Source records
□ □ □ □ □

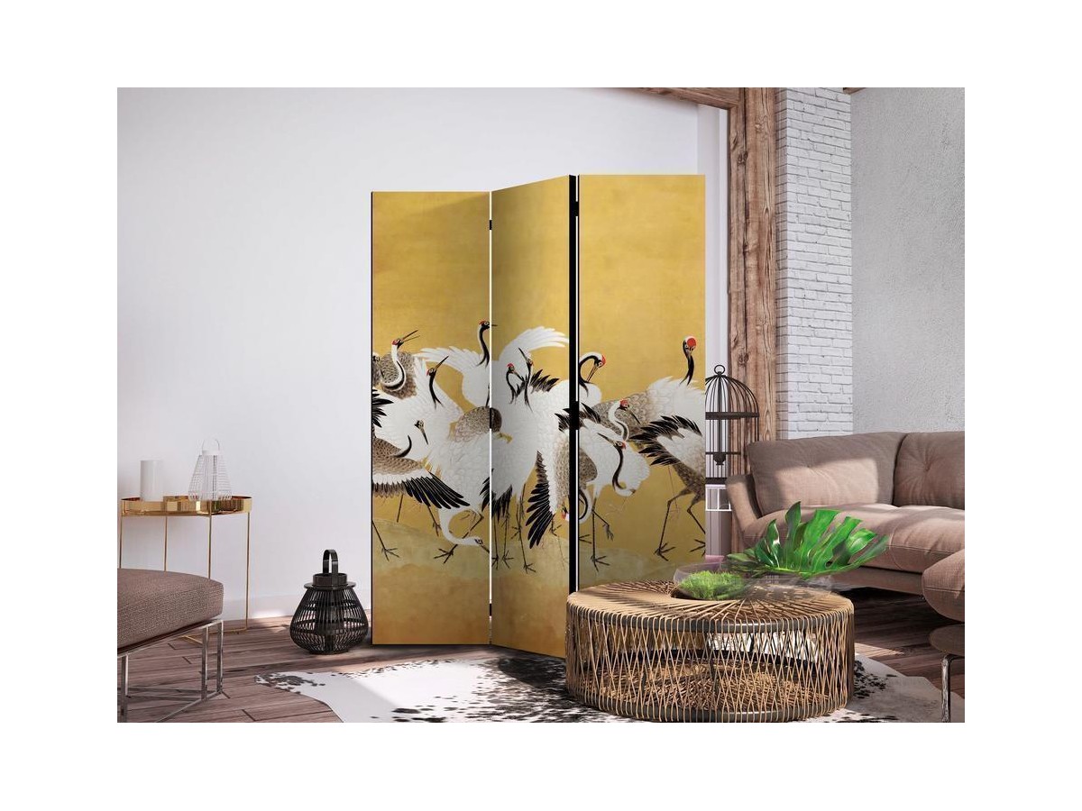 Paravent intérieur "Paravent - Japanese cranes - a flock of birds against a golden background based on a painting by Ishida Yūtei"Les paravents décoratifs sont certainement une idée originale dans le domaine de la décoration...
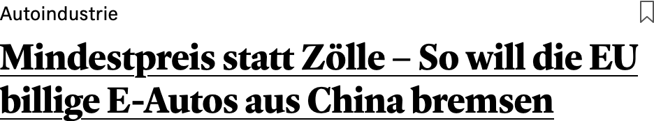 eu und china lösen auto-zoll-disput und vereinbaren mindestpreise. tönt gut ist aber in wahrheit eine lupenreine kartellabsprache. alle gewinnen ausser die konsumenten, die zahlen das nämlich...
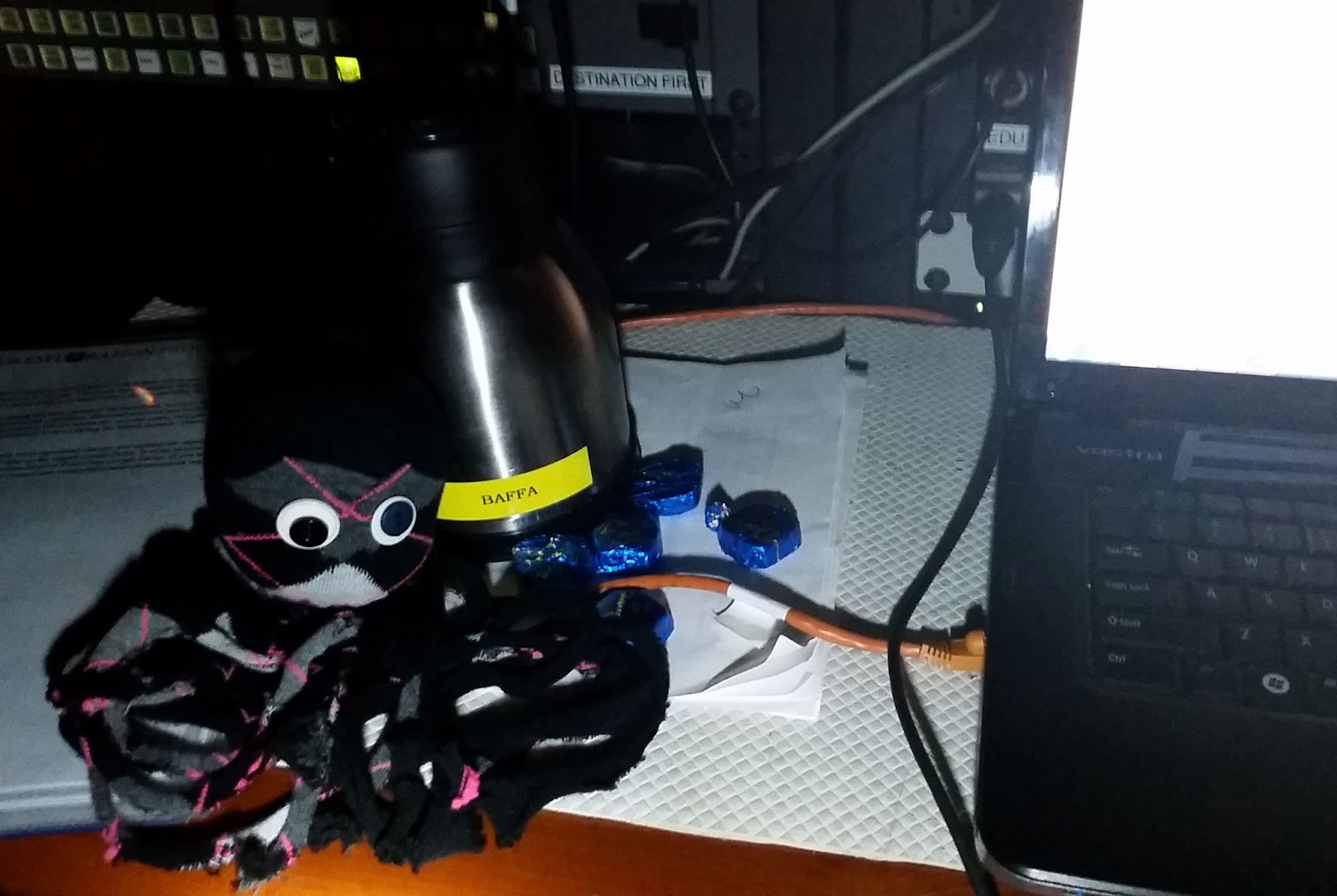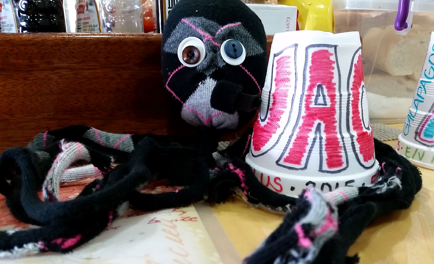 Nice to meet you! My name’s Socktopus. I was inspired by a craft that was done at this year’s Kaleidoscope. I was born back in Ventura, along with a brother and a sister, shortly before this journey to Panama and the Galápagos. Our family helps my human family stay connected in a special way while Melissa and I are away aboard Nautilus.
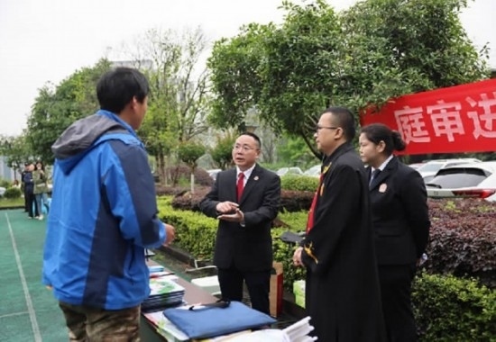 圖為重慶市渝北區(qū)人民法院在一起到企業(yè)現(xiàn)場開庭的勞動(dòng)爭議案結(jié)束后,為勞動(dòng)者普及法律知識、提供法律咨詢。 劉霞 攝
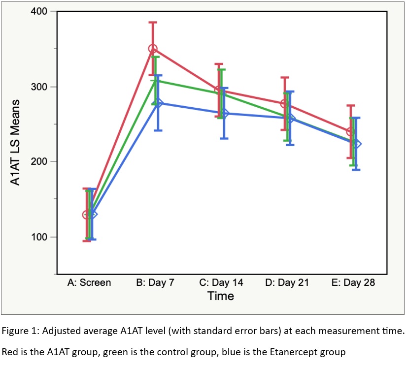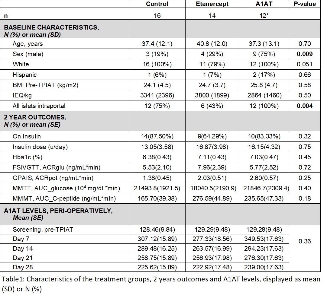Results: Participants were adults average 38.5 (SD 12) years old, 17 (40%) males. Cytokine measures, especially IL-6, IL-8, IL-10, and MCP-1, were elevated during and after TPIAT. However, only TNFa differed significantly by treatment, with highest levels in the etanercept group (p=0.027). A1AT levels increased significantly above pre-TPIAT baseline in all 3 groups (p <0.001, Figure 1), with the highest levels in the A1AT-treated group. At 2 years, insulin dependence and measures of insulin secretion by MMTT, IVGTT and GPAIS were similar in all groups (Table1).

□ □ □ □ □

WORK TO COMPLETE
Whatever the records hold apart from pictures should be repeated exactly.

SOLUTION BELOW
 Paravent intérieur "Paravent - Japanese cranes - a flock of birds against a golden background based on a painting by Ishida Yūtei"Les paravents décoratifs sont certainement une idée originale dans le domaine de la décoration...
 eu und china lösen auto-zoll-disput und vereinbaren mindestpreise. tönt gut ist aber in wahrheit eine lupenreine kartellabsprache. alle gewinnen ausser die konsumenten, die zahlen das nämlich...
 Nice to meet you! My name’s Socktopus. I was inspired by a craft that was done at this year’s Kaleidoscope. I was born back in Ventura, along with a brother and a sister, shortly before this journey to Panama and the Galápagos. Our family helps my human family stay connected in a special way while Melissa and I are away aboard Nautilus.
 圖為重慶市渝北區(qū)人民法院在一起到企業(yè)現(xiàn)場開庭的勞動(dòng)爭議案結(jié)束后,為勞動(dòng)者普及法律知識、提供法律咨詢。 劉霞 攝
Results: Participants were adults average 38.5 (SD 12) years old, 17 (40%) males. Cytokine measures, especially IL-6, IL-8, IL-10, and MCP-1, were elevated during and after TPIAT. However, only TNFa differed significantly by treatment, with highest levels in the etanercept group (p=0.027). A1AT levels increased significantly above pre-TPIAT baseline in all 3 groups (p <0.001, Figure 1), with the highest levels in the A1AT-treated group. At 2 years, insulin dependence and measures of insulin secretion by MMTT, IVGTT and GPAIS were similar in all groups (Table1).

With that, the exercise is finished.